Chapter 13 Circadian Rhythm of Restless Legs Syndrome
Circadian Variation in Restless Legs Syndrome
One of the defining features of the restless legs syndrome (RLS) is that it shows a notable circadian rhythm with symptoms intensifying later in the day (see Chapter 15). This holds true at least for those who have normal sleep-wake schedules. Those who do shift work, have irregular sleep-wake schedules, or those adjusting to jet lag may not show this pattern. This circadian pattern was noted by Willis in his presumptive case1 and established as a diagnostic feature by Ekbom.2
However, it was not initially clear that this circadian pattern was due to a specific circadian factor rather than merely reflecting the fact that, later in the day, individuals typically reduce activity and begin to relax.
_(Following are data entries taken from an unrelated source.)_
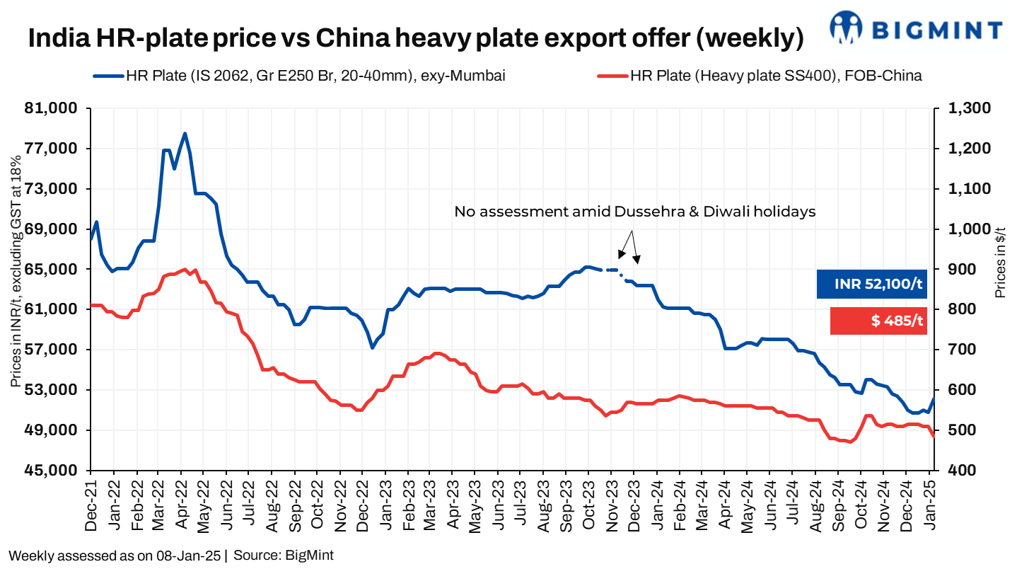 HR plate prices increase: BigMint’s weekly assessment for HR plates (IS 2062, Gr E250 Br, 20-40 mm) stood at INR 49,000-52,500/t exy-Mumbai as of 8 January 2025, reflecting an increase of INR 1,300/t w-o-w. Meanwhile, prices of hot strip mill (HSM) plates (IS 2062, Gr E250 Br, 5-10 mm) rose by INR 100/t w-o-w to INR 47,500/49,000/t exy-Mumbai. Prices mentioned above exclude 18% GST.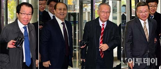 신한금융지주의 차기 회장 후보가 다음달 12일 결정될 예정인 가운데 14일 오전 신한금융지주 회장후보추천위원회의 (사진 왼쪽부터) 김기영, 고부인, 권태은, 남궁훈 사외이사가 회장 선임 작업에 임하기 위해 서울 남대문 신한금융지주 본사로 들어가고 있다. 방인권 기자 bink7119@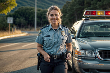 American policewoman in uniform in front of a police car. She is smiling and she is happy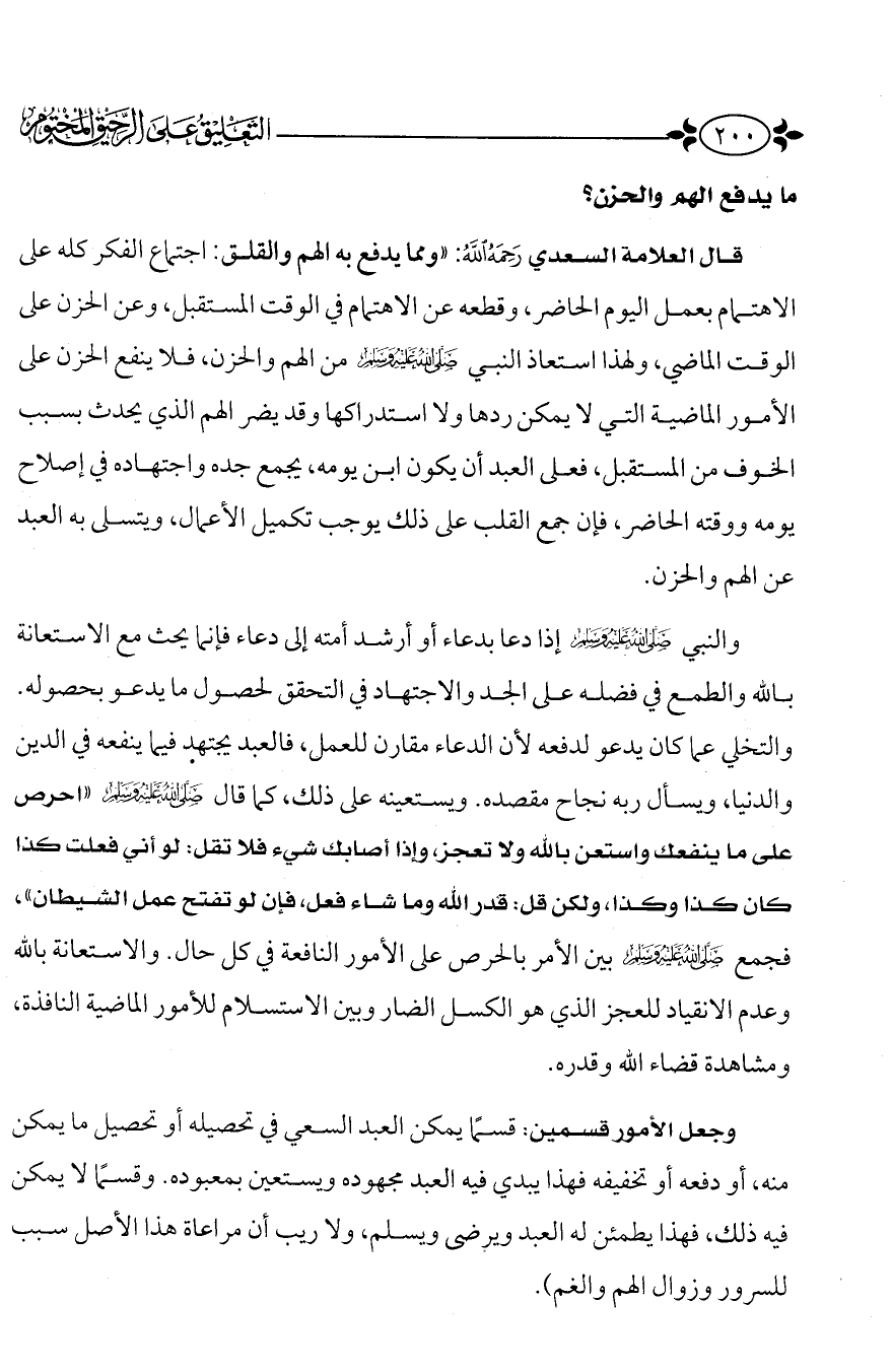 وجعل الأمور قسمين: قسماً يمكن العبد السعي في تحصيله أو تحصيل ما يمكن منه، أو دفعه أو تخفيفه فهذا يبدي فيه العبد مجهوده ويستعين بمعبوده. وقسماً لا يمكن فيه ذلك، فهذا يطمئن له العبد ويرضى ويسلم، ولا ريب أن مراعاة هذا الأصل سبب للسرور وزوال الهم والغم).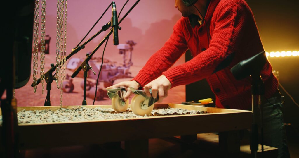 To simulate footsteps on snow, a foley artist might crush cornstarch inside a leather pouch. To mimic bones breaking, they might snap celery or frozen lettuce. Rain might be recreated using rice on a tin sheet, and fire crackles with cellophane. The goal isn’t to replicate the sound exactly as it occurs in nature, but to evoke the feeling of that sound in a way that complements the visual narrative.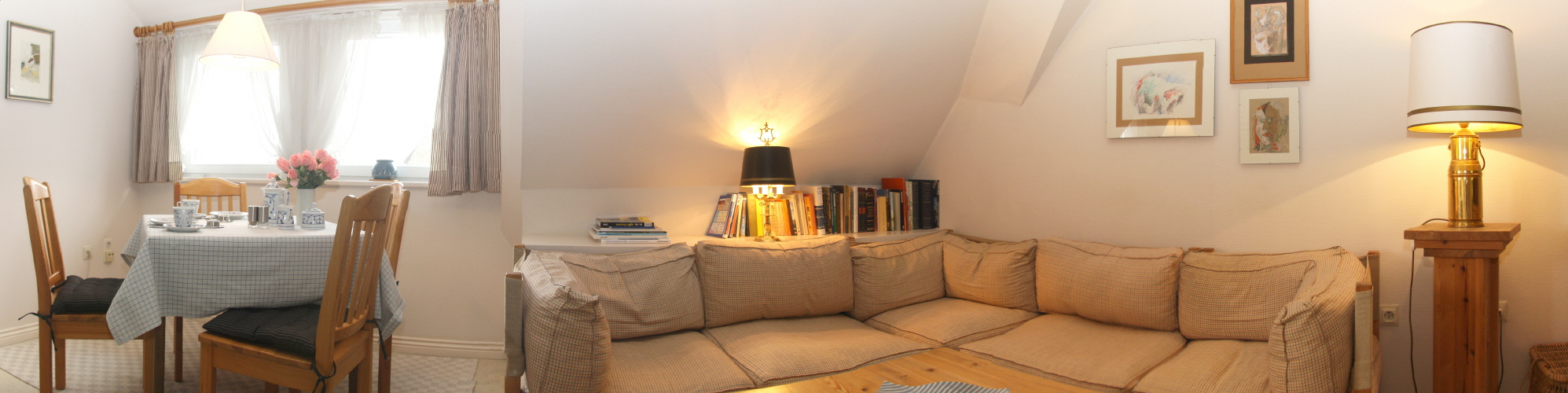 Eine wunderschöne Dachgeschosswohnung unter Reet in ruhiger Wattlage. Erholen Sie sich bei ausgedehnten Wattspaziergängen und abends ist es nur ein Katzensprung ins benachbarte Kampen.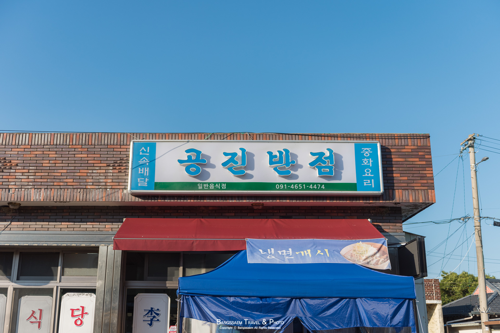 낮에는 볕이 너무 뜨거운 날이라 나는 줄을 서있고, 방방이와 옆지기는 그늘로 잠시 피신을 간 상황. 그늘에 내려주니 금세 표정이 밝아진 우리 방방이. 왼쪽에 보이는 건물이 공진반점인데 실제로는 다른 식당으로 운영이 되는 곳이었다.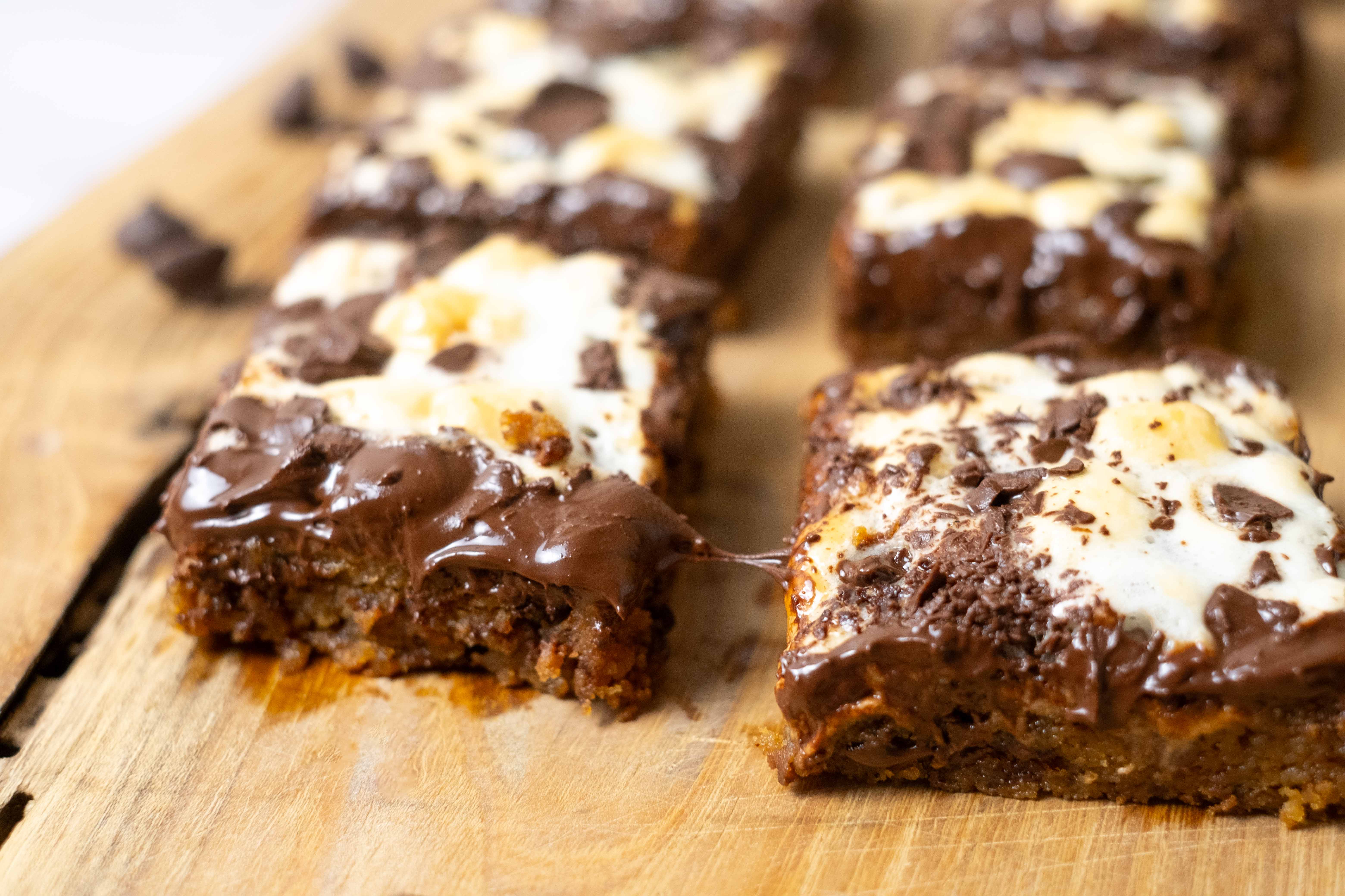 One campfire experience, hold the campfire? Everyone says "yes" for S'more Squares Please! These tasty blondies are made with graham cracker crumbs for an authentic s'mores taste, and topped with melty marshmallows and rich, sweet chocolate to complete the experience. Mmmm, why worry about whether your marshmallow is burning when you can make a perfect tasty s'more dessert anytime. More S'more Squares Please!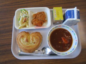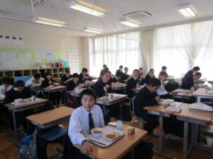 中等 2021年2学期終業式給食風景 投稿日:2021年12月22日 12月22日(水)2学期終業式の給食は、クリスマス特別メニューなので、給食時間を盛り上げるために、竹澤教諭のクリスマス音楽DJを校内放送で流し、皆で楽しくいただきました。2学期頑張った自分自身にお疲れ様と3学期も頑張ろうの前向きさが伝わってくる風景でした。中学時代は心も体も大きく成長する時なので、しっかり食べましょうね。 【各クラスの給食の様子】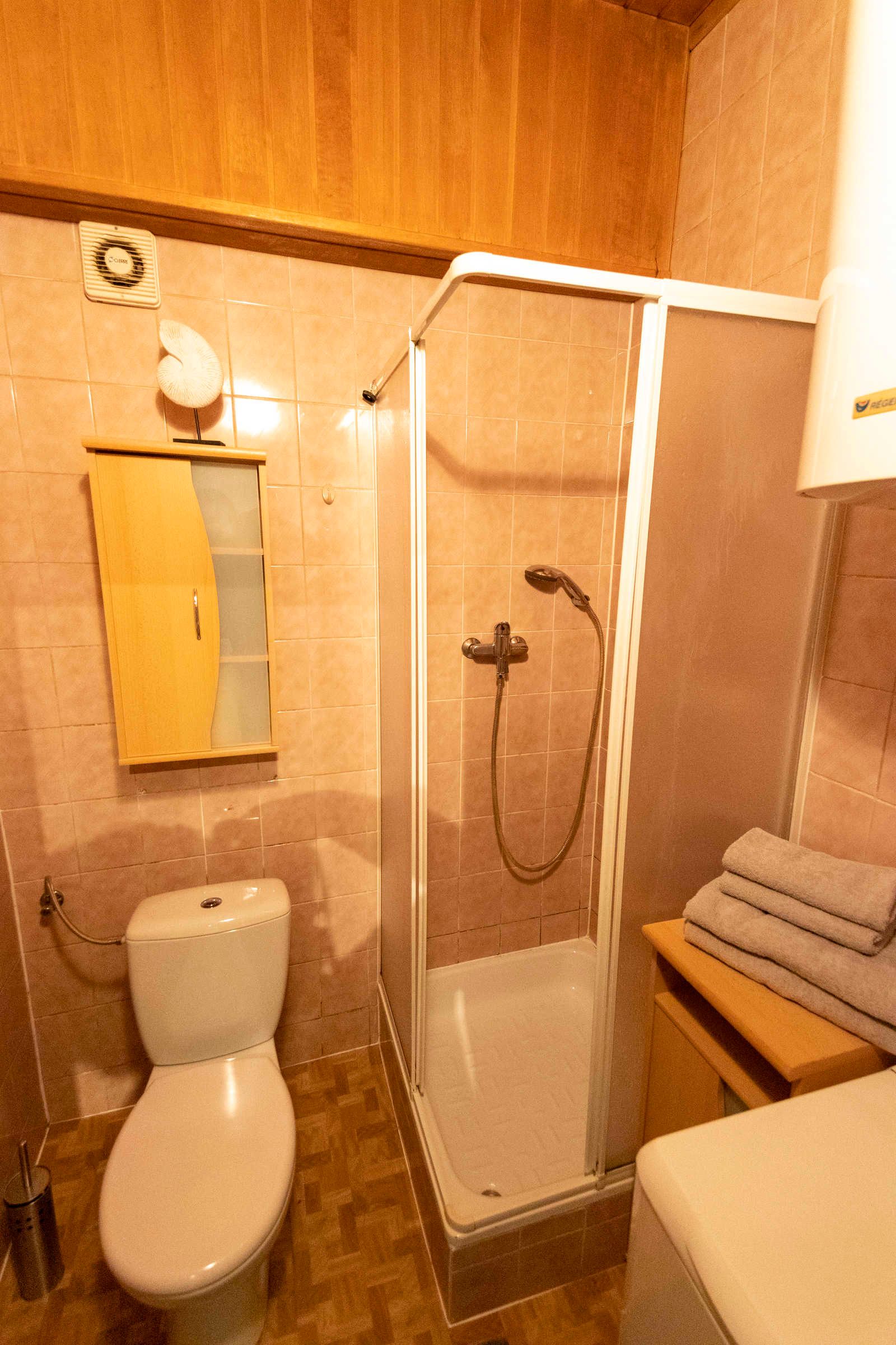 Im Bad mit Dusche werden Handtücher, Shampoo und Duschgel zur Verfügung gestellt. Weiters ist hier auch eine Waschmaschine vorhanden.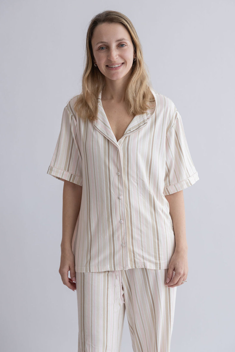 סט פיג'מה לנשים מבמבוק // ROSE SAND STRIPE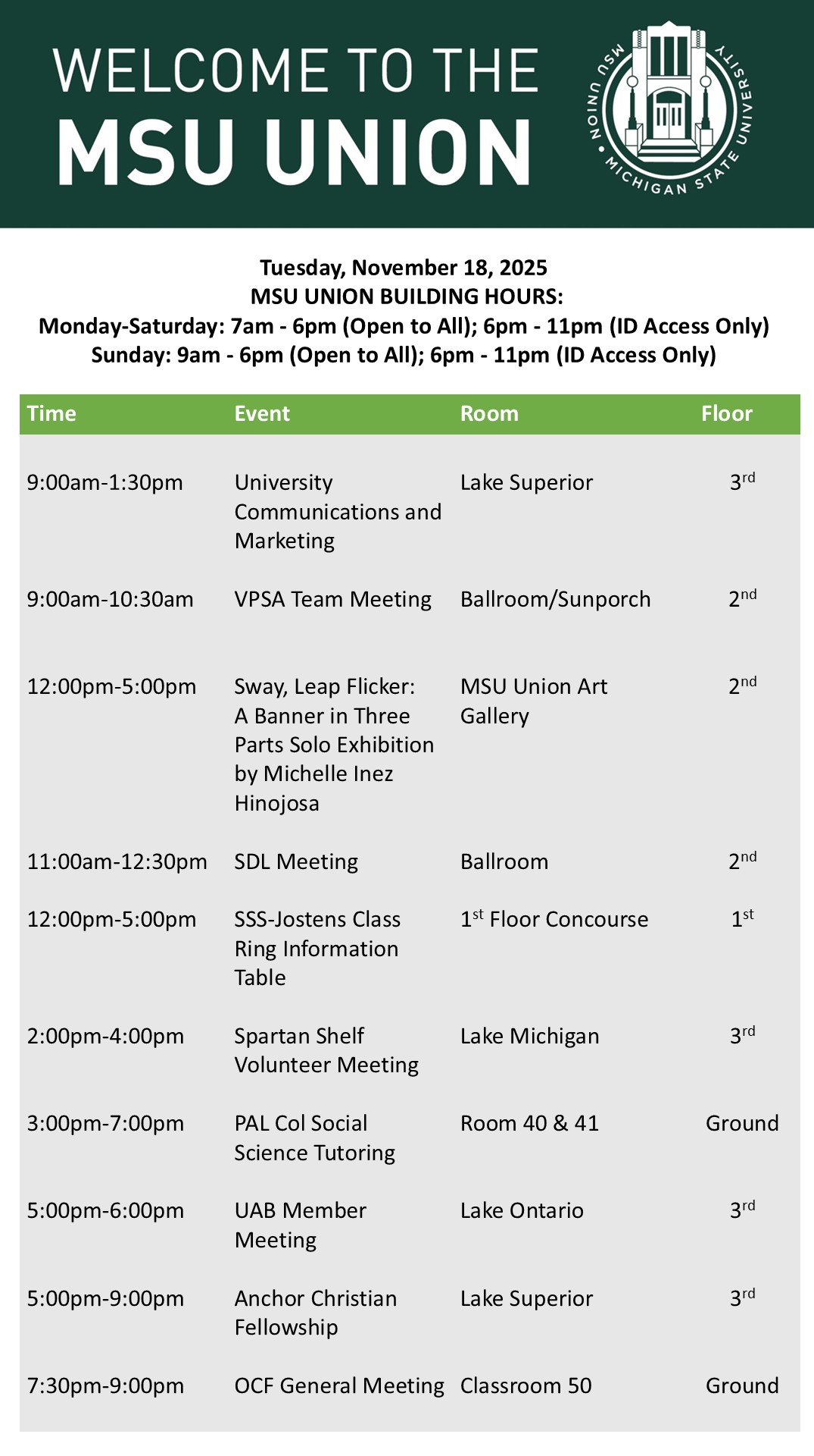 By spitzka, Mon, 11/17/2025 - 13:32 Creator: spitzka Area: MSU Union (Temp Schedule) Type: Academic Title: 11/18/2025 Subheader: Body Copy: Active Dates: Tue, 11/18/2025 - 05:00 - Tue, 11/18/2025 - 23:59 Preview
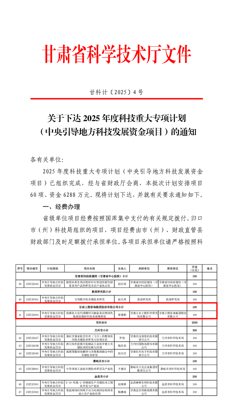 近日,甘肅省科技廳公布了2025年度科技重大專(zhuān)項(xiàng)計(jì)劃(中央引導(dǎo)地方科技發(fā)展資金項(xiàng)目)立項(xiàng)名單,土木工程院主持申報(bào)的“資源化大宗利用煤矸石制備高活性綠色低碳膠凝材料技術(shù)成果轉(zhuǎn)化”項(xiàng)目成功立項(xiàng)。
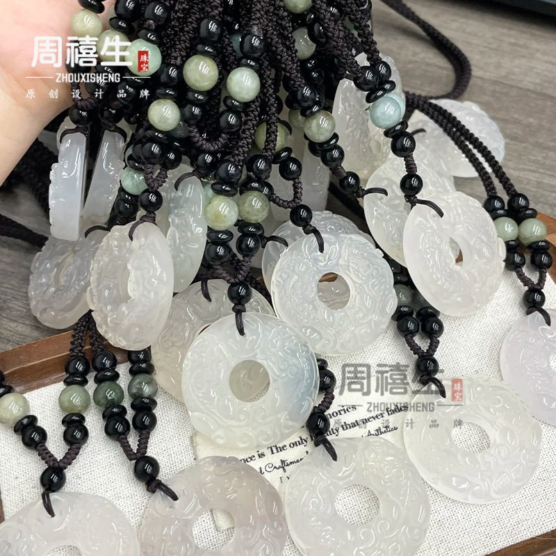 Натуральный обсидиан двойной кулон белый халцедон двойной головастик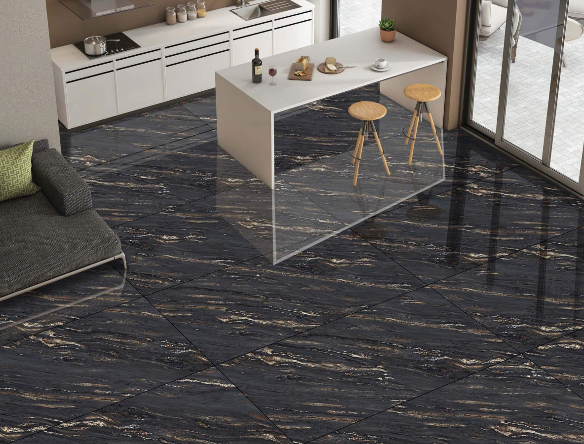Керамогранит 120x60 Murad Brown High Glos См 9мм супер глянец черный A-Ceramica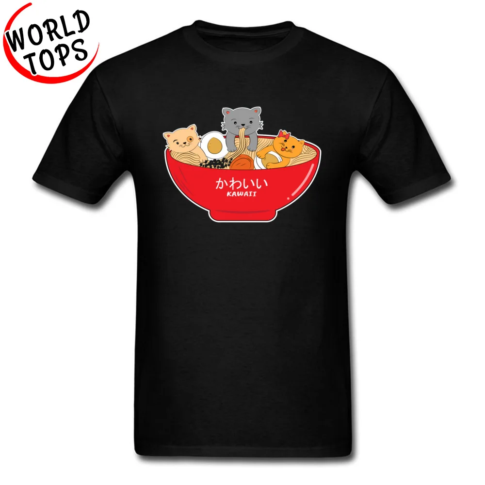 Adorable Cute Japanese Ramen Cats Kawaii Graphic Funny Tshirts Noodles Cat Group T Shirt Black High Quality Tees Free Shipping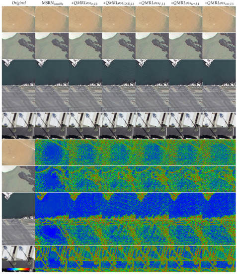 In Figure 10, Figure 11 and Figure 12 can be observed the changes of super-resolving UCMerced and Inria-AILD images according to every QMRNet optimization. In most cases of MSRN v a n i l l a (column 2 colormaps) there is a center bias, especially in sparse/homogeneous regions. In Figure 11, row 3 and Figure 12, row 1 it can be observed that QMRLoss G S D , L 1 and QMRLoss F , L 1 significatively enhance the noise present in the homogeneous areas (sea/beach), while QMRLoss σ , L 1 , QMRLoss r e r , L 1 and QMRLoss s n r , L 1 present a smoother solution whilst having higher oversharpening than MSRN v a n i l l a .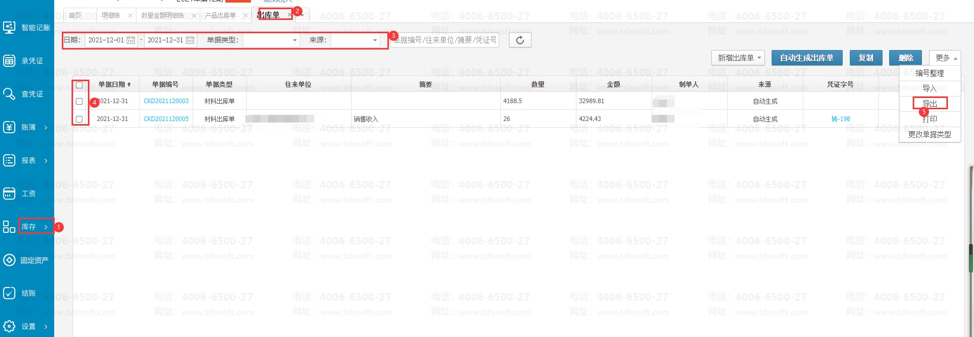 进账簿后点击【库存】→【出库单】,在出库单界面可以筛选需要导出的出库单后,选择需要导出的出库单,点击【更多】下的【导出】按钮会自动导出一个表格文件。如需导出界面上显示的所有出库单,直接点击【导出】按钮即可。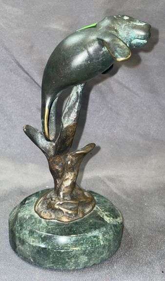 Metal statuette depicting a manatee, mounted on a polished green marble base. Statuette measures 6″H and features a naturalistic design. Base underside includes a sticker marked “San Pacific Int’l, San Francisco, USA, Made in China.”

This changed state could itself be the cause of the circadian pattern. In two studies, Trenkwalder, Hening, and colleagues3,4 showed that there was a true circadian factor to RLS (Fig. 13-1). These investigators used a semiconstant routine study in which hospitalized patients were observed approximately every 3 hours during which they attempted to stay motionless while seated in bed for 1 hour or longer (a modified suggested immobilization test [mSIT]).5–7 Both subjective (intensity of symptoms) and objective (periodic limb movements [PLM] or motor restlessness) features were measured during 2 days of normal sleep-wake cycles followed by 36 hours of sustained wakefulness. During all days as clock time increased from morning (9:00 A.M.) to early morning the following day (2:00 A.M.), both subjective and objective measures of RLS increased. During continued sleep deprivation, the patients’ discomforts and measures of PLM and motor activity decreased during the day (9:00 A.M. to 3:00 p.m.), before beginning to increase again (6:00 P.M.). Based on these findings, it was concluded that the symptoms and associated motor findings of RLS follow a quite similar circadian pattern with maximum symptoms occurring during the early part of the night.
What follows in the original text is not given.